# 2006 GTO Stroker/Cam New idea for cheap mods?



## Spiceredgoat (Aug 10, 2018)

Hello everyone I have a 2006 Pontiac GTO LS2 A4 with JBA shorty headers, cold air intake, BTR stage 3 racing cam, Eagle forged stroker rotating assembly, stock heads with just springs and stock manifold.

My question is for a less expensive upgrade to get the most out of my car what should I go with? 3.90 gears?

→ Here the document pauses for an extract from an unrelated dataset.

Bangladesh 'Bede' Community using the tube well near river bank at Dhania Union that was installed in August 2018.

Ported intake ? any suggestions would help thank you.


----------



## GTO44 (Apr 11, 2016)

3200-3500 stall would wake it up more than any of those. 

I would also upgrade those shortie heads to long tubes to get the most out of that Stage 3 BTR.

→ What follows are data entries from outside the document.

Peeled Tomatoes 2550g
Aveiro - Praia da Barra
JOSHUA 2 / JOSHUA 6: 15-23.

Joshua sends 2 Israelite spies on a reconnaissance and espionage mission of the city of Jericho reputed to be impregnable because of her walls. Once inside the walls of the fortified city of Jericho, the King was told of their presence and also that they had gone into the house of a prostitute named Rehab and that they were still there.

Then yes 3.90 gears will kick it up another notch for sure.


----------



## Spiceredgoat (Aug 10, 2018)

GTO44 said:


> 3200-3500 stall would wake it up more than any of those.
> 
> I would also upgrade those shortie heads to long tubes to get the most out of that Stage 3 BTR.
> 
> Then yes 3.90 gears will kick it up another notch for sure.


Thank you! i did forget to say i have 3000 stall so im thinking long tube and 3.9s


----------